Jayson Greene on music by problematic artists.

Thanks to the powerful docu-series Surviving R. Kelly, we’re again talking about the credible accusations against the R&B artist — and, in general, about the choices we make when we listen (or don’t listen) to music. At Pitchfork, Greene examines those choices, and how the current consumer model influences them:

Amazon may have eroded the value of a book, but ebooks didn’t completely replace physical ones. The music industry, meanwhile, never quite convinced listeners that stealing digital music was harmful. So they abandoned the sale of discrete units and remodeled themselves around streaming, a model that looked and felt exactly like the stealing customers were already doing. In other words, they removed ownership entirely. We rent our music now, and then give it back to the cloud when we are done. Music listening has always been private, but in another era, you might have at least had to venture outside to procure it. Twenty years ago, if you wanted to buy the music made by a known abuser at a store, you would have risked some hot, focused shame. Streaming, meanwhile, with its blend of radio dial and kitchen faucet, removes shame from the equation. You touch a song title, and it starts playing for you—and only for you. Turn off the sharing features on Spotify and you are free to move about cultural infinitude in silence, without fear of judgment. As as result, the gap between streaming an artist and purchasing their music directly feels enormous. It is the difference between liking a political candidate’s post on Facebook and knocking on someone’s door to canvas for them.

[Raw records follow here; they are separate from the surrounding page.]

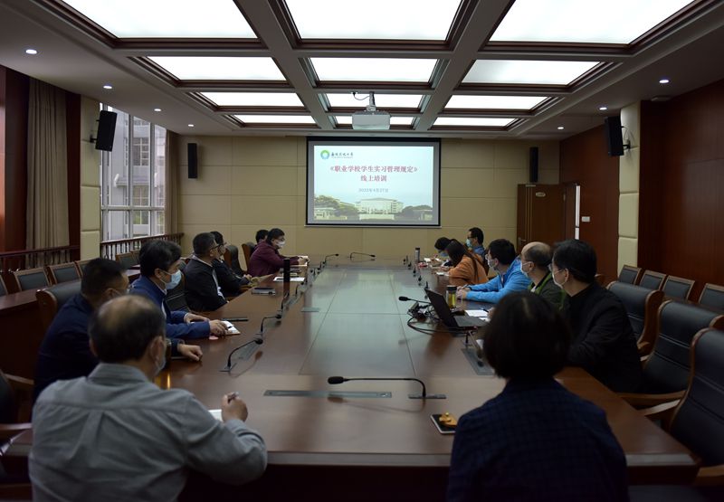 为贯彻落教育部等八部门关于印发《职业学校学生实习管理规定(修订)》要求,切实规范职业学校学生实习管理工作。4月28日上午,我校按照要求组织参加了《职业学校学生实习管理规定(修订)》线上培训会。校长张旭、副校长唐东、纪委书记高峻,教务处、学工处相关负责人及各学院院长、副院长、各专业负责人在行政楼四楼会议室集中收看了此次视频会议,各教学点同时在线参加培训活动。
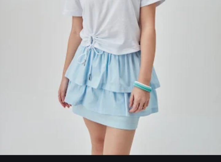 SAIA SHORTS COM BABADOS EM TRICOLINE AZUL CLARO - TWOIN
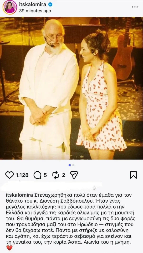 Η Καλομοίρα ανέβασε μια κοινή φωτογραφία με τον Διονύση Σαββόπουλο από το Ηρώδειο, εκφράζοντας τη βαθιά της λύπη για τον θάνατό του.
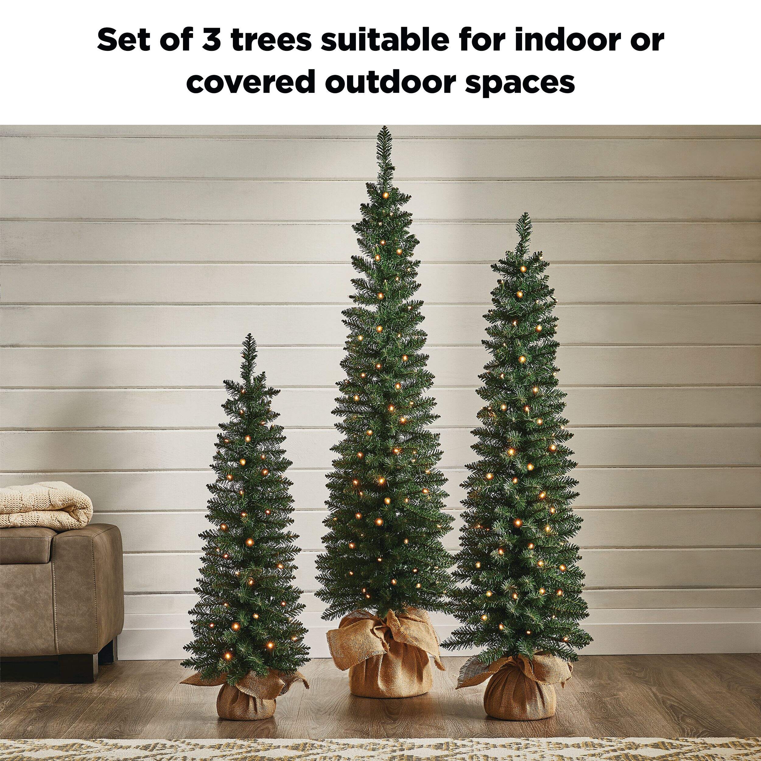Create a festive setting on your back patio, front porch, or any indoor space that needs a little extra holiday cheer with the NOMA Carlisle 3-Pack Potted Trees. This pack includes three charming artificial Christmas trees of three, four and five feet, each with authentic burlap wrapped around the base. These faux Christmas trees feature built-in, energy-efficient white LED lights, realistic PVC branches, and look great on their own or as a team.
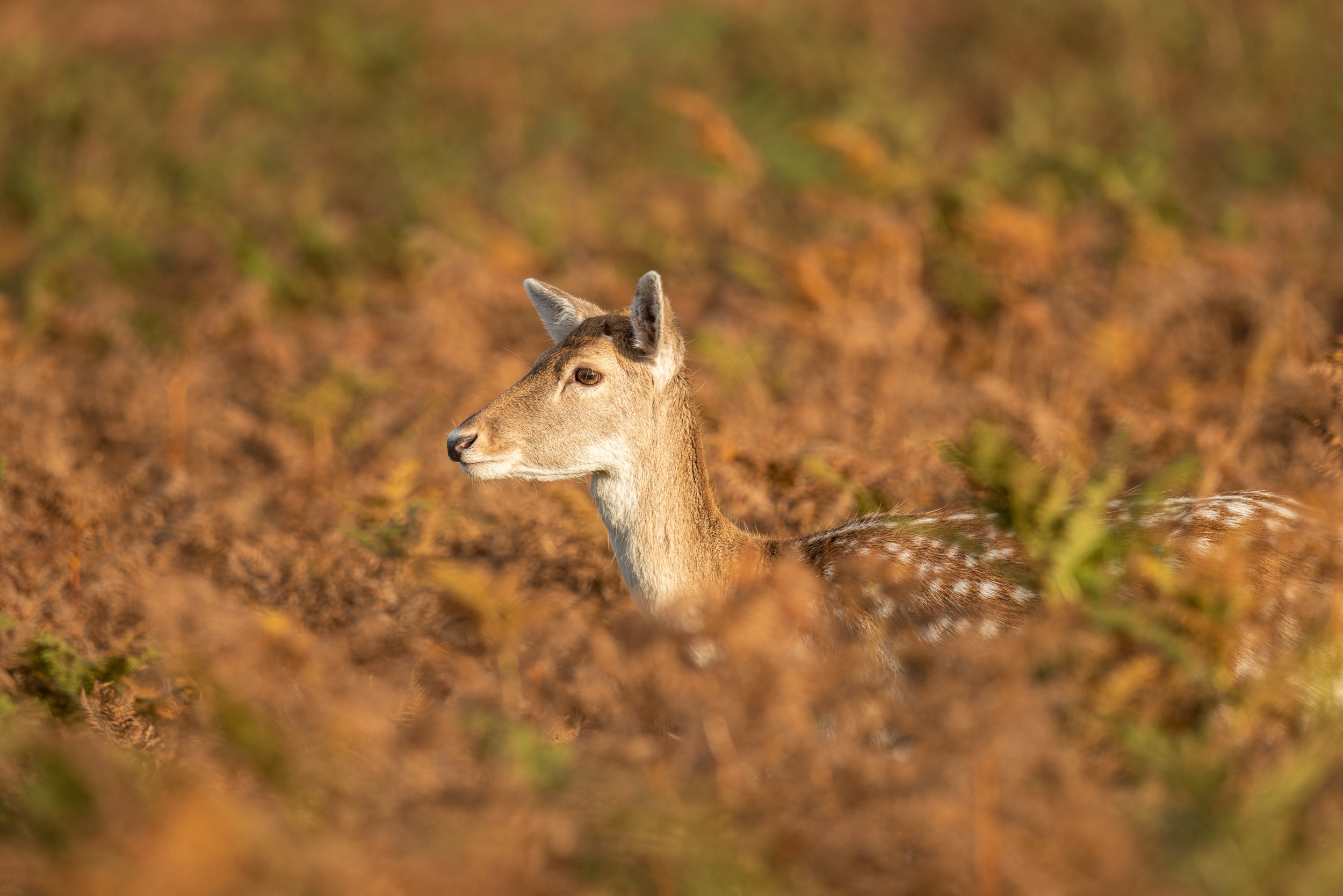 On a different day, in beautiful afternoon light, I wandered around to test the 60-600mm capabilities on deer. As the sun started to dip toward the horizon, creating a blaze of late autumnal colour among the ferns, I shot handheld even into the last remnants of light, knowing the very impressive Optical Stabilizer would help me get pinsharp images.

Mark Jacobson interviews Paul Schrader.

First Reformed has turned out to be one of the most surprising and assuring success stories of the cinematic year, a tiny, austere movie about faith and doom released clear back in the summer, that now has a decent shot at Oscar recognition, particularly for writer/director Paul Schrader. Jacobson interviewed the legendary filmmaker for Vulture, and got a marvelous, candid conversation about the state of the art, our digital lives, and his unusual career:

I’m an outlier. I’ve been an outlier all my life, I’m still an outlier. For one reason or another, many of my films, and certainly not all, have a shelf life. And continue to have a kind of a resonance. So even a film like Cat People, whose technology is completely out of date — there’s no digital technology in there, everything is floor effects, nothing like that movie would be made today — there’s still something in that movie that makes people want to see it. And it has, obviously, to do with the romantic obsession. Being an outlier has worked for me, and it’s one of the reasons I have a bookcase full of lifetime-achievement awards, and very few actual awards. I’ve never been nominated for an Oscar. You’ve never been nominated for an Oscar. That’s kind of strange. You know, you can’t really dwell on that. I remember saying to Marty [Scorsese] at one point — ‘cause he was all obsessed with that — I said, “If your priority is to get an Oscar, you need a new priority.” So do you find it disappointing that your career didn’t blow up? Or do you feel happy with that? No, no, I was very fortunate. I was very, very fortunate that I had validation, almost from the start. What I got out of Taxi Driver is what people work a whole career to get. You’re involved in a movie that doesn’t die. That hits the bull’s-eye of the cultural Zeitgeist. How do you ever plan for that to happen, and how does it happen to you when you’re 27 years old?